=== EXERCISE OBJECTIVE ===
Without any pictures, print exactly the lines that run from the start of the data through the line containing "Debido a esta".
<<<<
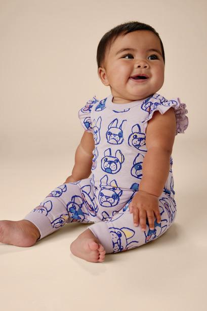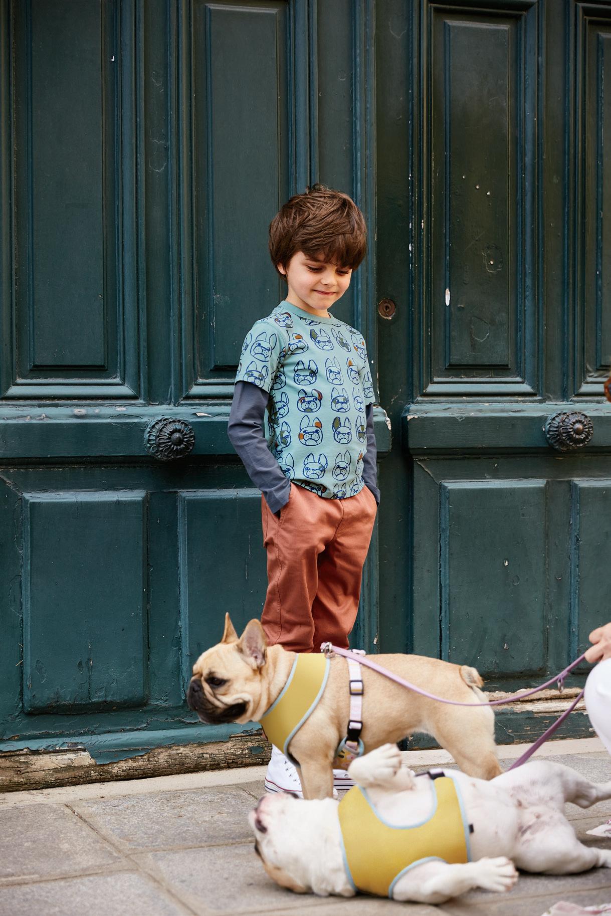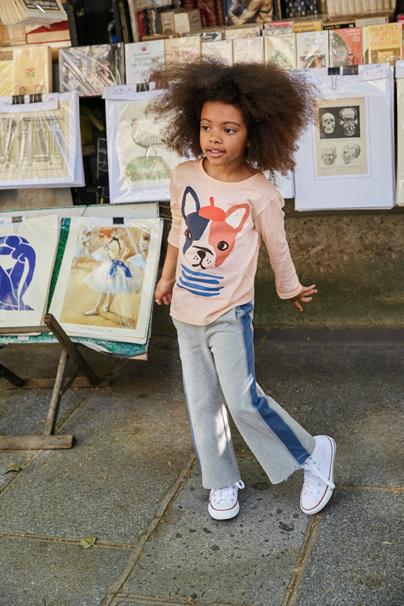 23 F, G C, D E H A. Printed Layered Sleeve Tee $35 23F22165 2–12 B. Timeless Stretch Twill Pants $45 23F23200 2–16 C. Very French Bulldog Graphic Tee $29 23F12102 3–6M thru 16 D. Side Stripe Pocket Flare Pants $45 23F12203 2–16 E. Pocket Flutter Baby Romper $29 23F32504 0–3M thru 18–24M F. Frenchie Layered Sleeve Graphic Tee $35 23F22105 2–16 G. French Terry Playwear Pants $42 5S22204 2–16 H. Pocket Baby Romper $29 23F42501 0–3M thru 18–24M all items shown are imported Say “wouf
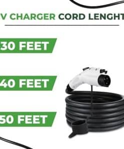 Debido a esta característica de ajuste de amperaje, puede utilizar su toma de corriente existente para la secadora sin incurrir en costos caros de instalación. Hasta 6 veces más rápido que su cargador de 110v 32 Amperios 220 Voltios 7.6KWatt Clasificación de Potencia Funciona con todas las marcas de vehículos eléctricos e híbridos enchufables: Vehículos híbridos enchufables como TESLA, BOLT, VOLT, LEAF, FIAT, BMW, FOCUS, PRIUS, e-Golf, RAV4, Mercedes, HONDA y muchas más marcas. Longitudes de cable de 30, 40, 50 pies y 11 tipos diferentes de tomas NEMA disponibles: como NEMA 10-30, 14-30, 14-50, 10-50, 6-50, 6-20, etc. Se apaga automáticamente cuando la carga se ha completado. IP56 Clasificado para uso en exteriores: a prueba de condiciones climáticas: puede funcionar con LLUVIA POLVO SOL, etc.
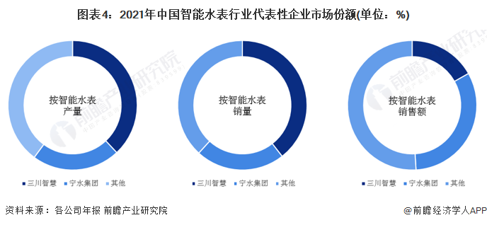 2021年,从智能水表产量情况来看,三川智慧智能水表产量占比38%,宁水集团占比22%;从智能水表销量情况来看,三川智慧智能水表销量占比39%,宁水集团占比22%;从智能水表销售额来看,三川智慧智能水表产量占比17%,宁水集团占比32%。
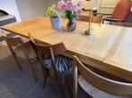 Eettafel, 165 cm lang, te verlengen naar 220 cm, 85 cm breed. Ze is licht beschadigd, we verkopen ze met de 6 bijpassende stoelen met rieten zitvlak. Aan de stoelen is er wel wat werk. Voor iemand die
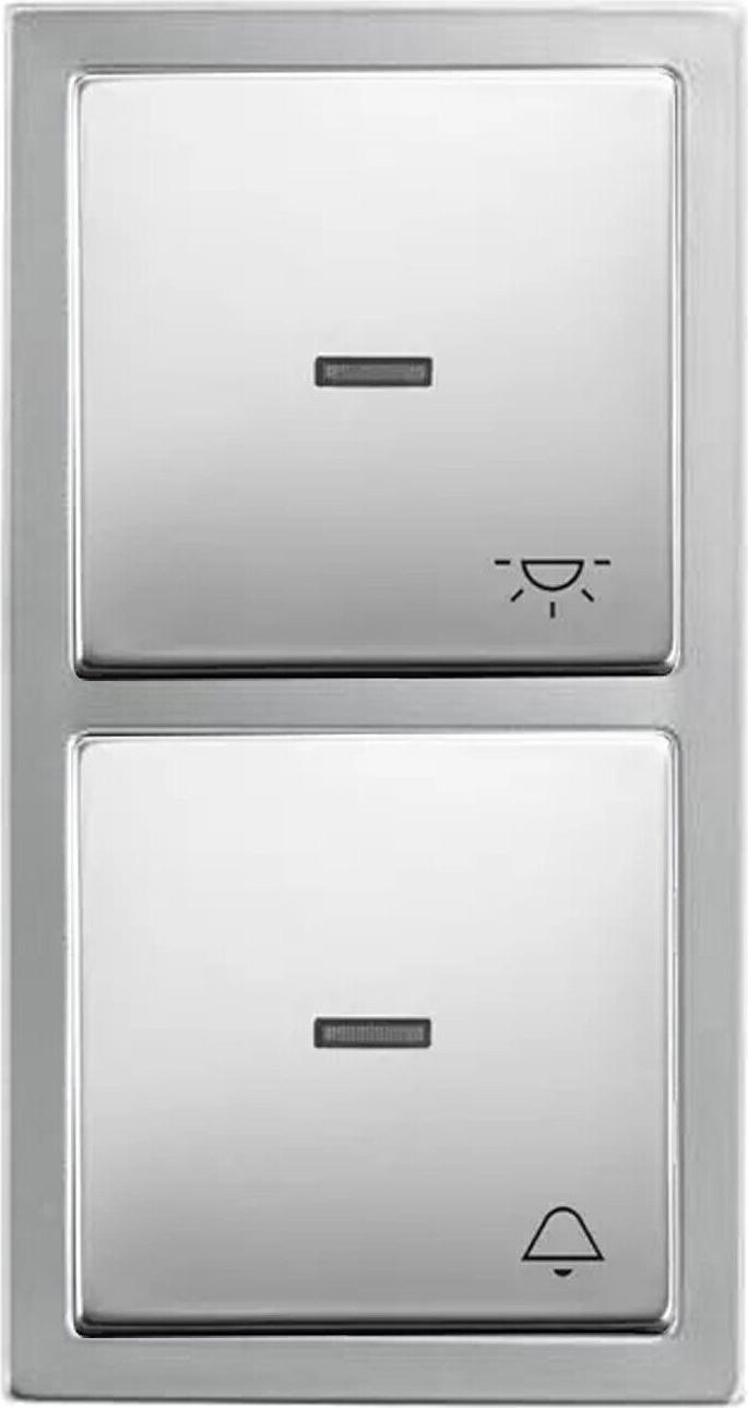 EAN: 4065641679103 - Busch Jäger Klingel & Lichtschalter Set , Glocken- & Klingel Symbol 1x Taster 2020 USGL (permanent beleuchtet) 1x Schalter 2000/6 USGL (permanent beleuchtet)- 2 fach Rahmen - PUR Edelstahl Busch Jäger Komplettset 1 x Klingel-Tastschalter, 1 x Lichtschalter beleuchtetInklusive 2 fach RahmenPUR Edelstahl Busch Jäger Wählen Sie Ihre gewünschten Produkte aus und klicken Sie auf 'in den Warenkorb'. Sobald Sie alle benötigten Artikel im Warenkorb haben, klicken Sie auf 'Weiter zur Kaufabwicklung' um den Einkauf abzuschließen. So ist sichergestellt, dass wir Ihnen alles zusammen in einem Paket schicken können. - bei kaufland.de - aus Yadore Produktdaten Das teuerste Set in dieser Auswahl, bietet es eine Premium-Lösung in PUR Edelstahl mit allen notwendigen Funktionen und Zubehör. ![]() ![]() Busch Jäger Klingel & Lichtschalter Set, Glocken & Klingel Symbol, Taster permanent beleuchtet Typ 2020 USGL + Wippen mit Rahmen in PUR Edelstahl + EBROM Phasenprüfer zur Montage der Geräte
>>>>
=== SOLUTION FOR THIS TASK ===
 23 F, G C, D E H A. Printed Layered Sleeve Tee $35 23F22165 2–12 B. Timeless Stretch Twill Pants $45 23F23200 2–16 C. Very French Bulldog Graphic Tee $29 23F12102 3–6M thru 16 D. Side Stripe Pocket Flare Pants $45 23F12203 2–16 E. Pocket Flutter Baby Romper $29 23F32504 0–3M thru 18–24M F. Frenchie Layered Sleeve Graphic Tee $35 23F22105 2–16 G. French Terry Playwear Pants $42 5S22204 2–16 H. Pocket Baby Romper $29 23F42501 0–3M thru 18–24M all items shown are imported Say “wouf
 Debido a esta característica de ajuste de amperaje, puede utilizar su toma de corriente existente para la secadora sin incurrir en costos caros de instalación. Hasta 6 veces más rápido que su cargador de 110v 32 Amperios 220 Voltios 7.6KWatt Clasificación de Potencia Funciona con todas las marcas de vehículos eléctricos e híbridos enchufables: Vehículos híbridos enchufables como TESLA, BOLT, VOLT, LEAF, FIAT, BMW, FOCUS, PRIUS, e-Golf, RAV4, Mercedes, HONDA y muchas más marcas. Longitudes de cable de 30, 40, 50 pies y 11 tipos diferentes de tomas NEMA disponibles: como NEMA 10-30, 14-30, 14-50, 10-50, 6-50, 6-20, etc. Se apaga automáticamente cuando la carga se ha completado. IP56 Clasificado para uso en exteriores: a prueba de condiciones climáticas: puede funcionar con LLUVIA POLVO SOL, etc.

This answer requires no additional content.